__Material supplied__
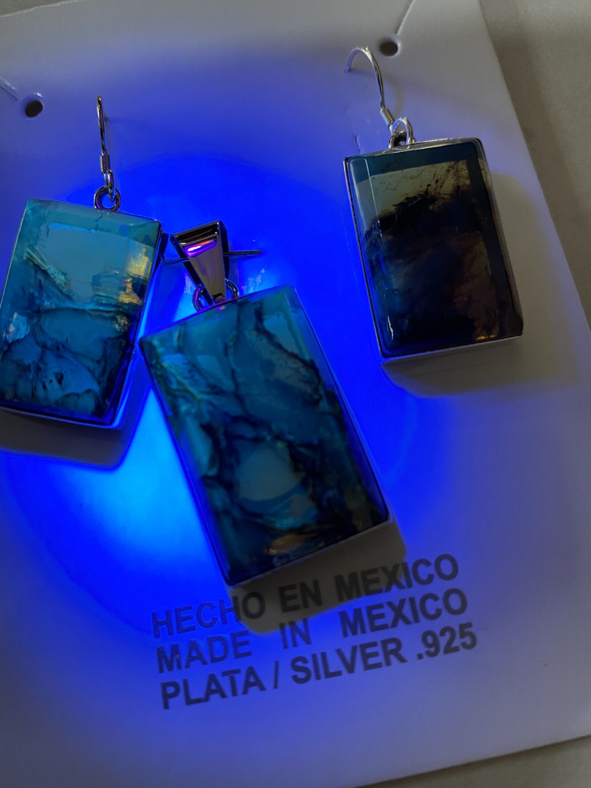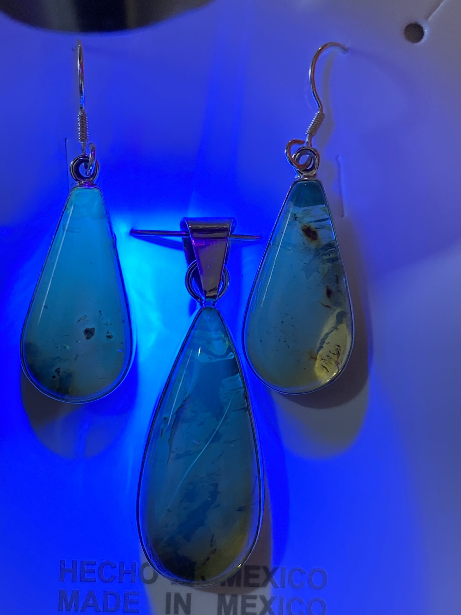 En las fotografias se podra obaservar el uso de luz ultravioleta para comprobar la autenticidad de las piezas, si se tratase de una imitación ya sea platico o vidrio la pieza no tendría ninguna reacción a la luz Uv. Esta prueba nos ayuda a identificar y descartar los simulantes de ámbar, de los auténticos, sin dañar nuestros ejemplares.
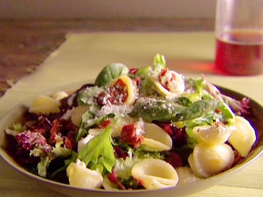 In medium bowl, mix the salad greens with the sun-dried tomatoes, goat cheese, and Parmesan. Top with warm pasta and 1/2 cup of the reserved pasta water. Toss to combine and wilt the greens. Season with a pinch each of salt and pepper, or to taste. Garnish with additional Parmesan, if desired, and serve.
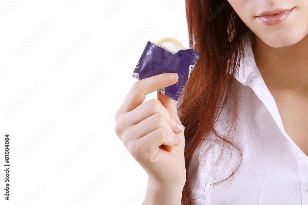 young woman with a condom (white background)
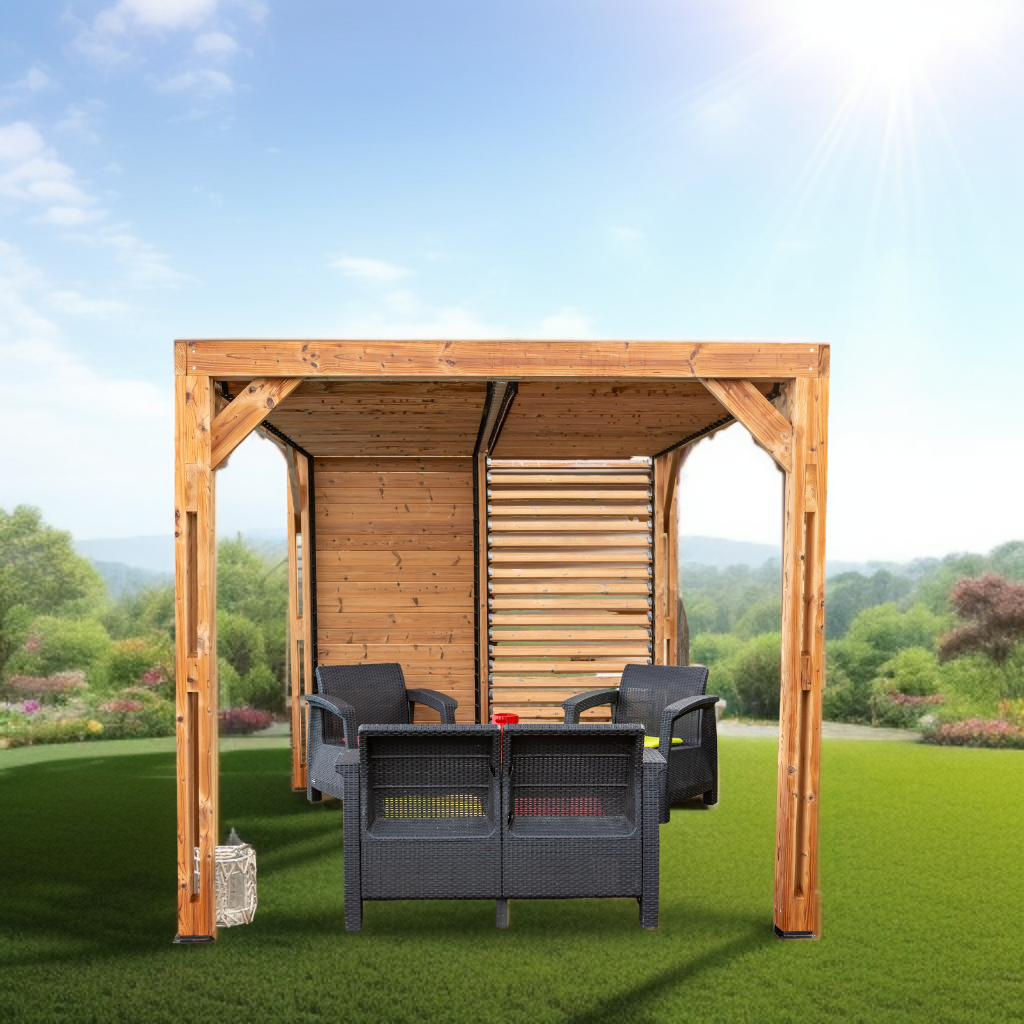 La Pergola THERMAUVENT est un produit de qualité en bois thermo-chauffé pour une longévité accrue. Le bois subit un traitement à très haute température dans un four à 215°C, procédé naturel qui garantit une stabilité dimensionnelle, une protection contre les insectes et une réduction de l'absorption d'humidité. Ce traitement nécessite peu d'entretien et seulement une coloration à des fins esthétiques. La Pergola respecte l'environnement en utilisant un processus écologique avec des matériaux naturels et recyclables. Elle valorise les essences de bois français en remplaçant les bois tropicaux. La garantie de 10 ans couvre l'attaque d'insectes et le pourrissement. La Pergola THERMAUVENT est fabriquée en France et est certifiée PEFC. Son toit est équipé de ventelles mobiles pour ajuster la lumière et le vent, et un mur est inclus pour plus d'intimité.
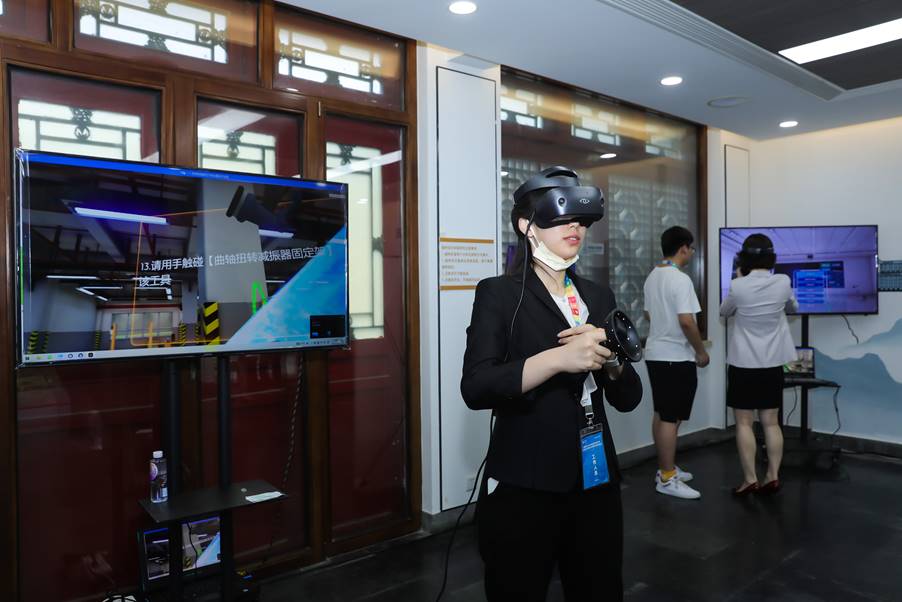 本次启动仪式设有虚拟现实(VR)课程体验区,引入VR就业技能培训课程的展示体验。在项目中引入VR技术,一方面是为了顺应第四次工业革命的技术趋势;另一方面是由于一些特殊地区面临教育物资缺乏、教具不足的问题。VR技术是一种高沉浸体验的表现形式,不仅表现力强,真实度高,而且极大节省了学校对硬件与硬件维护的成本。VR课堂打破了传统的教育信息化教学模式,是各种教学实训室的数字化和虚拟化的结合。同时,主办方还设立了产业帮扶与乡村振兴展区,对来自灵寿、德格、延安、义乌、砀山等地方和平台的扶农助农产品进行展示。
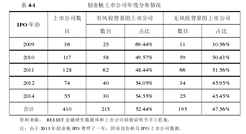 表 4-1 描述創業板上市公司 2009-2014 各年度 IPO 分布情況,以及有無風險投資背景的 IPO 公司占比情況,我們可以看出,在 410 家上市公司中,有風險投資背景的上市公司占了 215 家,超過了一半,說明了我國風險投資機構比較偏愛創業板,這主要是由于我國創業板主要都是一些成長性好和高科技創新的中小企業組成,投資回報高,與本文開始時所論述的觀點一致,用具體數據解釋了本文選擇創業板來研究風險投資的原因。具體到各年度來看,2009 年有 36 家公司在創業板上市,雖然上市數量較其他年度偏少,但考慮到 2009 年 10 月份創業板才開閘,其數目已相當可觀,同時我們注意到,2009 年風險投資機構背景的上市公司占比最多,達到了 69.44%,遠遠超過了沒有風險投資背景的上市公司,這主要是由于 2009 年我國創業板市場剛剛成立,首批上市的企業質量較高,投資前景好,從而吸引了大量風險投資前來參與的原因。2010-2014 年度有無風險投資背景的上市公司基本上各占一半,這與樣本總體的占比一致,其中 2011 年上市公司數目達到最高,為 128 家,2013 年由于創業板 IPO 暫停了一整年,因而沒有公司上市。
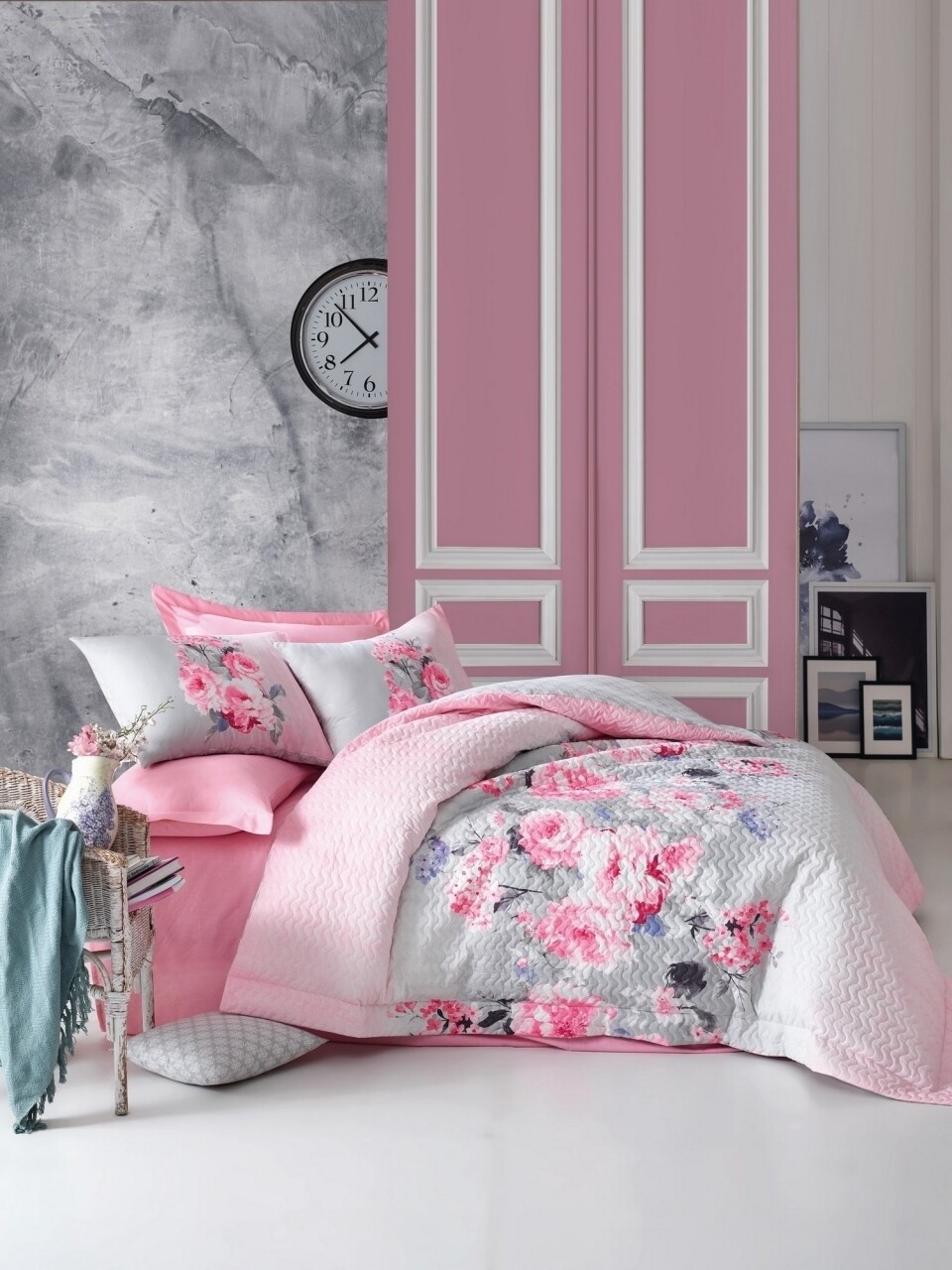 Lenjerie de pat matlasata pentru 2 persoane, 4 piese, 100% bumbac ranforce, Cotton Box, Fiona
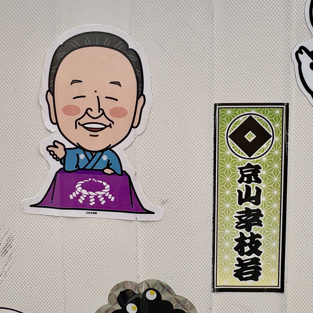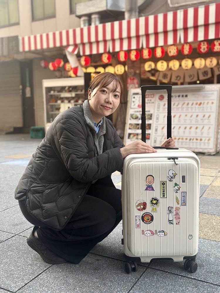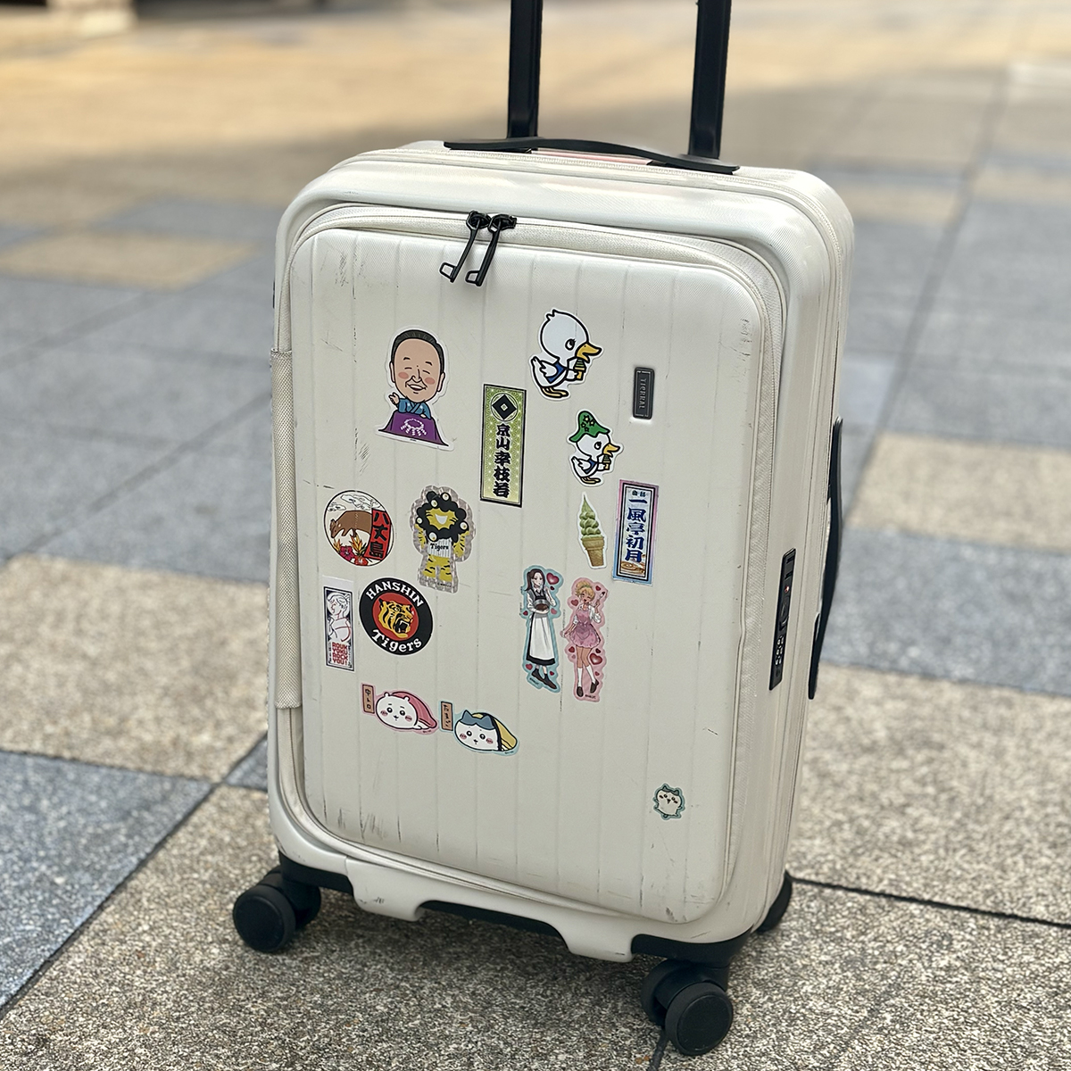 一番はボディ前面が開くフロントオープンポケットが搭載されていること。演者でいっぱいの狭い楽屋で開いても、通常のスーツケースに比べて半分しか場所を取らないことは大きなメリットです。ローラーにストッパーがついているのもありがたいですね。電車移動の際などに眠ってしまっても、周囲に迷惑がかからないですから。シンプルなホワイトなので、師匠である京山幸枝若のイラスト、漫画家として活動する妹の作品など、思い入れのあるステッカーが映えるところもお気に入りです。
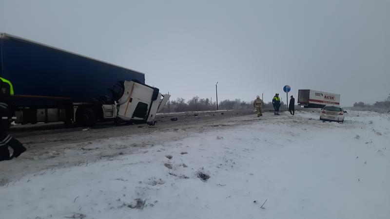 Под Сызранью, около села Ивашевка, которое расположено по ульяновской дороге, произошло жесткое столкновение. Около 08:35 не разминулись два большегруза - МАН и Камаз. От удара первый сложился, у второго оторвало кабину. Что могло стать причиной дорожно-транспортного происшествия, предстоит установить. Оба большегруза находятся на обочине дороги - МАН перевозил продукцию для сети магазинов Магнит - рядом была замечена вторая магнитовская фура. По информации ГУ МЧС России по Самарской области, пострадавших в этом ДТП нет.
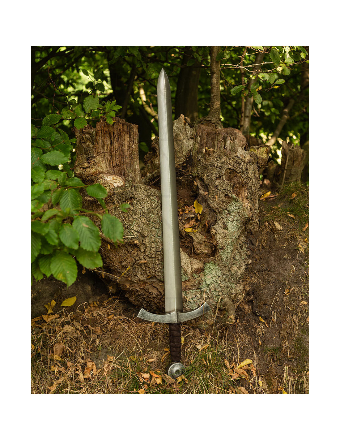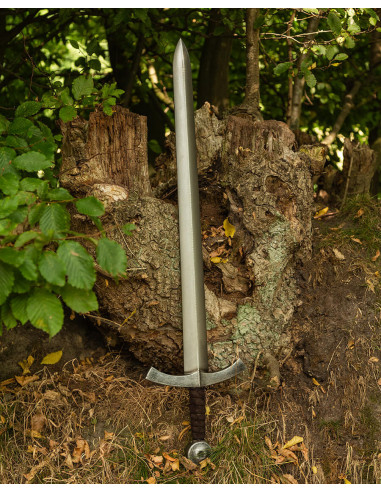 - Design Medieval Clássico: O modelo Heinrich é baseado em uma espada clássica de cavaleiro com uma fina ranhura decorativa na lâmina que lhe confere uma aparência histórica autêntica. A típica guarda, ligeiramente curvada para cima, e o botão do disco realçam o seu carácter medieval.

__Work to be completed__
Pictures are not part of the copy. Output only the lines from the one with "Под Сызранью, около" through the final line of the records, exactly as given.

__Worked solution__
 Под Сызранью, около села Ивашевка, которое расположено по ульяновской дороге, произошло жесткое столкновение. Около 08:35 не разминулись два большегруза - МАН и Камаз. От удара первый сложился, у второго оторвало кабину. Что могло стать причиной дорожно-транспортного происшествия, предстоит установить. Оба большегруза находятся на обочине дороги - МАН перевозил продукцию для сети магазинов Магнит - рядом была замечена вторая магнитовская фура. По информации ГУ МЧС России по Самарской области, пострадавших в этом ДТП нет.
 - Design Medieval Clássico: O modelo Heinrich é baseado em uma espada clássica de cavaleiro com uma fina ranhura decorativa na lâmina que lhe confere uma aparência histórica autêntica. A típica guarda, ligeiramente curvada para cima, e o botão do disco realçam o seu carácter medieval.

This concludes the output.